John La Gerche was a pioneering forester on the Victorian goldfields at Creswick, Australia in the late 19th-century.

== Early life ==
John La Gerche was born on 22 May 1845 on the island of Jersey as the only son of Jean La Gerche and Marguerite La Mottee. His surname is a remnant of the island's Norman heritage, and he would have spoken fluent French as well as English. The La Gerche family were not only prominent farmers on the island, but his father was the local constable and lieutenant of the local militia.

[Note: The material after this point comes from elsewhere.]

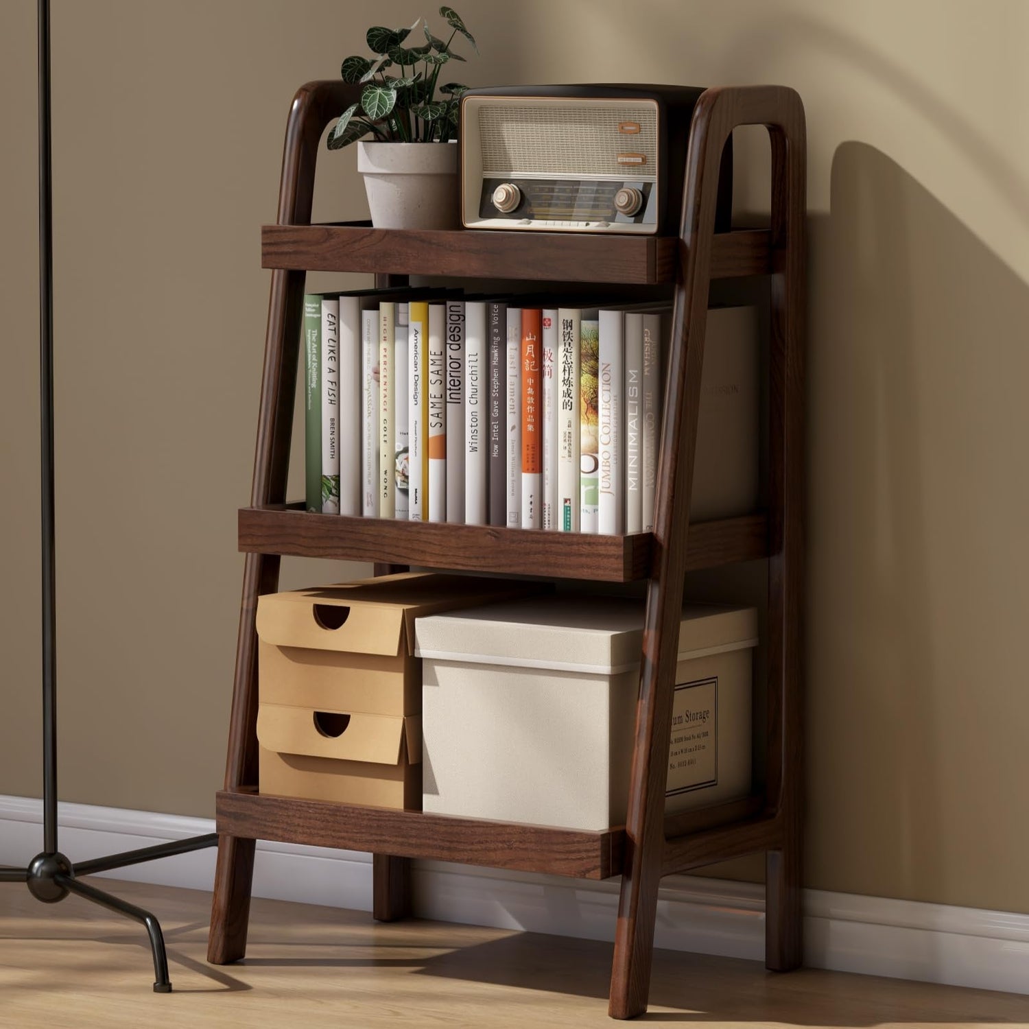 Vadisun 100% Solid Oak 3 Tier Ladder Shelf, Small Bookshelf, Ladder Bookshelf, Bookcase with Stable Frame, Small Table for Living Room Bedroom(Walnut, 12.6" L x 17.72" W x 31.5" H)

John grew up on a 14-acre farm which had been owned by the family since 1670. Between 1857 and 1862 he attended Victoria College for boys and excelled at his studies, winning prizes for proficiency in languages, (English, French and German), as well as mathematics.

He emigrated to Victoria on the Agra from London as an “unassisted cabin passenger”, and arrived in Hobsons Bay near Melbourne on 30 March 1865. He listed his occupation on the manifest as "gentleman", and it is likely he had come to take up land as a new settler rather than as a gold miner.

Elizabeth Nora Bendixon, also of Jersey, immigrated to Australia with her widowed mother and four sisters in 1859, and she worked as a housemaid to a wealthy family at Gisborne. It is uncertain where they met, but John La Gerche and Elizabeth married at Geelong on 17 July 1871.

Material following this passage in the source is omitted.